Director-General, National Civics Bureau,

Putrajaya.

4th  February 2010

Y. Bhg. Datuk,

Re: Emphasis on raising standards

As a thirty-six year veteran of the civil service, please allow me to comment on your recent article in The Star (Emphasis on raising standards, 30th January 2010) concerning the racial composition of the civil service. I must say that I found your article a rather sad commentary on the state of race relations in our country today. Furthermore, it encapsulates the very reason why our civil service is the way it is.

If I summarize your position correctly, it would sound like this: while a racially balanced civil service is important, is a much-needed requisite in serving the country’s multiracial population and is demanded by our Constitution, it’s not going to happen because the non-Malays are not patriotic enough. Therefore the focus should now be on how to make the most of a predominantly Malay civil service!

This is both unfair and disingenuous and mocks the high principles which you yourself set out as important foundations for our civil service.

It is interesting that you saw the need to belabor the point about how important it is to have a civil service that reflects Malaysia’s ethnic composition. Most right thinking people would, for all the reasons that you yourself highlighted.
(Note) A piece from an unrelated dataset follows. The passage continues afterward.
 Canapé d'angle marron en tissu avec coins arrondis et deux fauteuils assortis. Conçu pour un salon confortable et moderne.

You also made reference to the constitutional guarantees concerning equality of treatment and non-discrimination.

However, you then went on to offer excuses why the civil service is not representative of our population in general, repeating the old canard that non-Malays are not interested in joining the civil service.

For as long as I can remember, those who seek to explain away the glaring lack of non-Malay participation in the civil service have used two arguments – a lack of patriotism and cultural predisposition.
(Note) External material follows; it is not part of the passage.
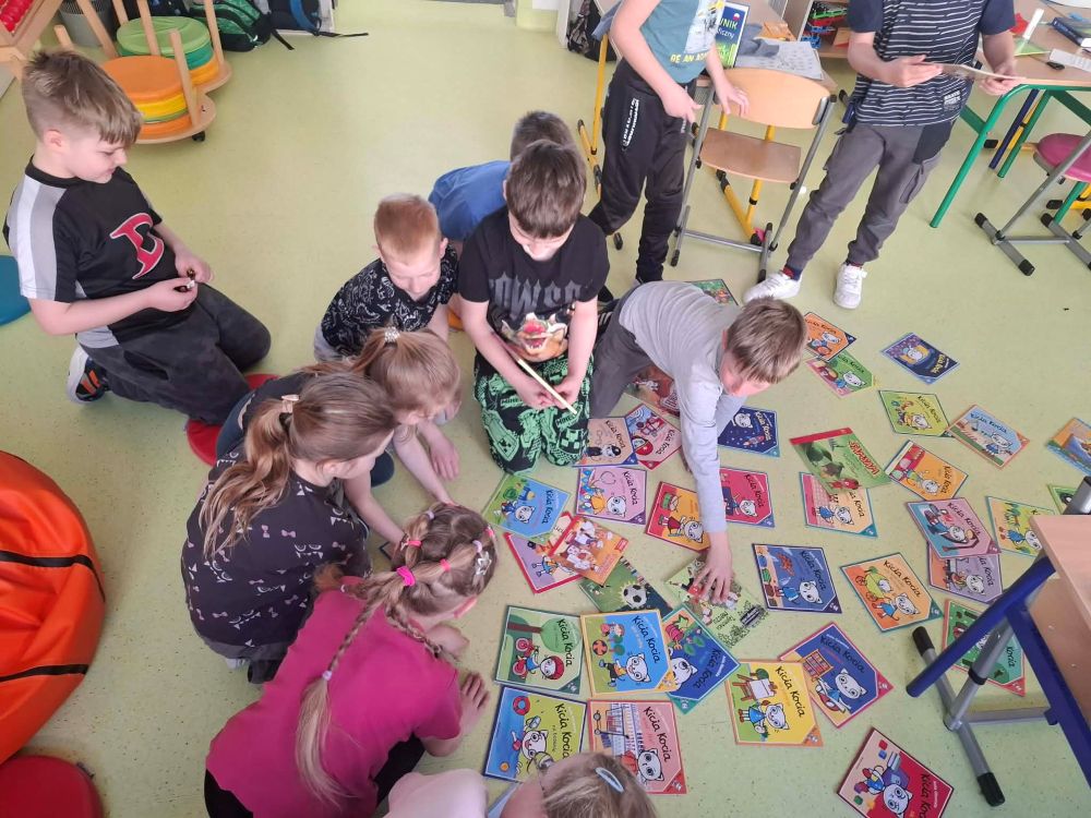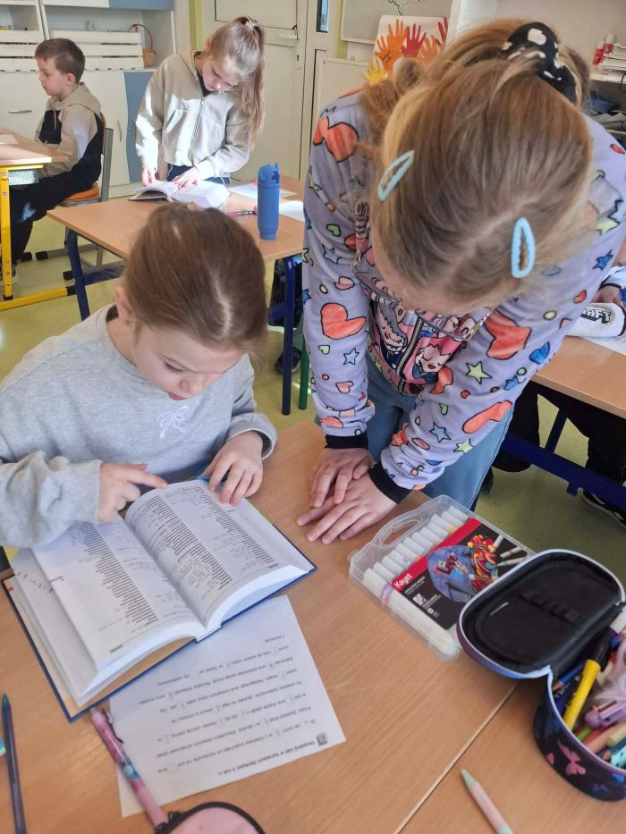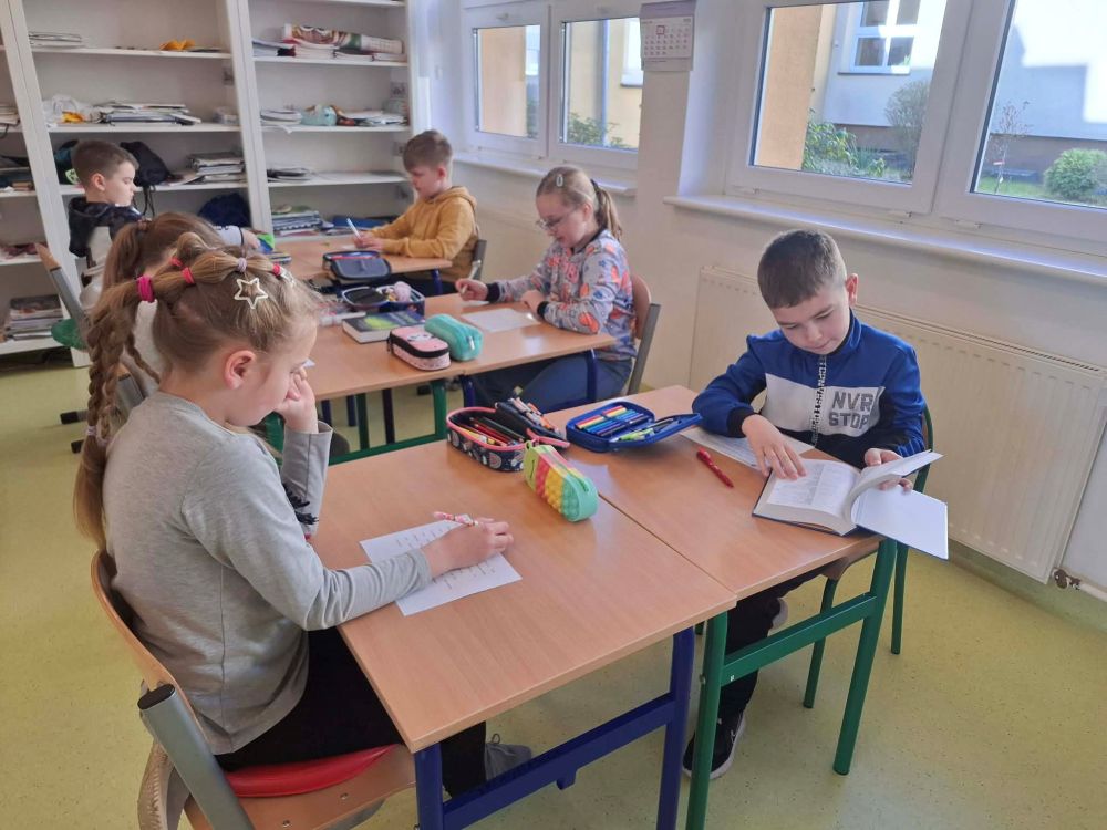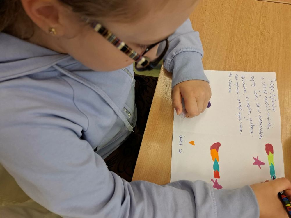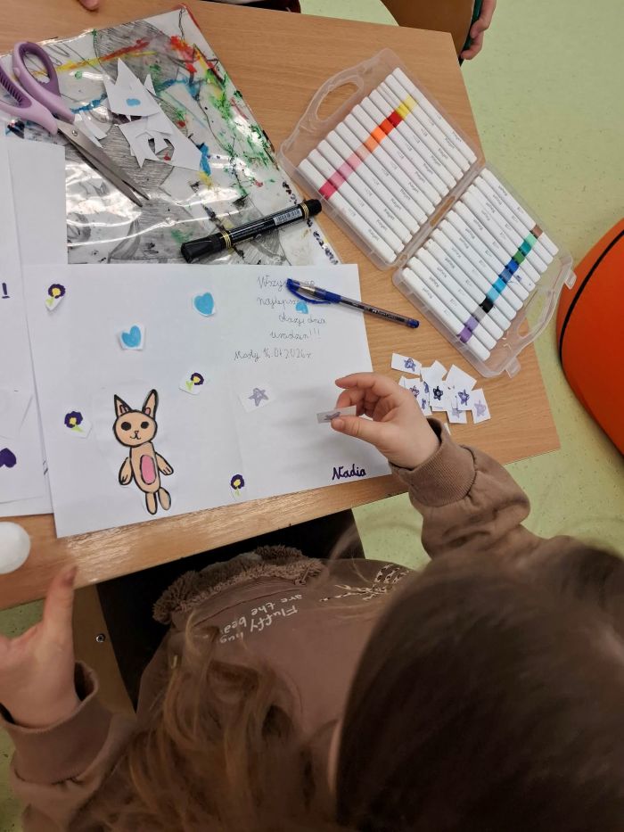 Od początku swojej szkolnej przygody drugoklasiści pracują zgodnie z zasadami Oceniania Kształtującego. Podczas ostatnich zajęć z edukacji wczesnoszkolnej uczniowie, współpracując ze sobą, realizowali zadania zawarte w celu lekcji oraz kryterium sukcesu. Najpierw rozwijali swoje umiejętności czytelnicze pracując z wybraną przez siebie książką. Dzieci czytały fragmenty tekstów, a następnie dzieliły się spostrzeżeniami na jej temat. Następnie uczniowie, pracując w parach, utrwalali zasady ortograficzne - poprzez pracę ze słownikiem ortograficznym uczyli się wyszukiwać potrzebne wyrazy. Ostatnim elementem było tworzenie urodzinowej kartki z życzeniami. Wszyscy przypomnieli sobie zasady pisowni i formułowania życzeń zwracając szczególną uwagę na poprawność językową i ortograficzną.

The first suggests that non-Malays, and particularly our citizens of Chinese ethnicity, are driven largely by monetary considerations and not given to public service. This is insulting to non-Malays. No one ethnic group has a monopoly on patriotism and public service. It also does not take into account the fact that at one time (1960s – 1980s), when remuneration and benefits were even lower than today (comparatively), the civil service was more representative of our population with many non-Malays serving in senior positions with equal distinction and dedication.

The “money” argument is nothing but a fabrication, a rehash of the arguments advanced by our former colonial masters to justify their divide and rule strategy. As an idea, it sits alongside the false posit of the “lazy Malay” and is completely unjustified.

The same racist colonial thinking is also evident in the second argument, namely that there are cultural elements behind the low non-Malay participation in the civil service. You mentioned the preposterous view that for the Chinese joining the civil service is “culturally alien.” It was this kind of mindset that gave rise to the colonial view that because of cultural reasons the Malays were only good at agriculture, the Chinese at business and the Indians at hard labor. I would have thought that more than 50 years of independence would have broken that kind of mindset but evidently not.

The real reasons for the imbalance in the racial composition of the civil service is, to quote your own words, the “widespread perception that in recruitment and career advancement, there is an absence of equal opportunities.”  Unfortunately, you quickly dismissed this as mere fiction, unworthy of further discussion, describing it as  “diatribes, sparked by shallow allegations.”

Yet, it is this very real sense of discrimination that non-Malays experience that is really at the heart of the issue you are seeking to address. There can be no doubt that non-Malay recruitment has fallen off sharply over the last twenty years. This is not for want of candidates but simply a result of recruitment policy. As well, there is little doubt that non-Malays are routinely bypassed and passed-over when it comes to promotions and important assignments.

An independent study comparing rates of promotion for Malays and non-Malays over the last 20 years in the civil service will very quickly settle this matter once and for all.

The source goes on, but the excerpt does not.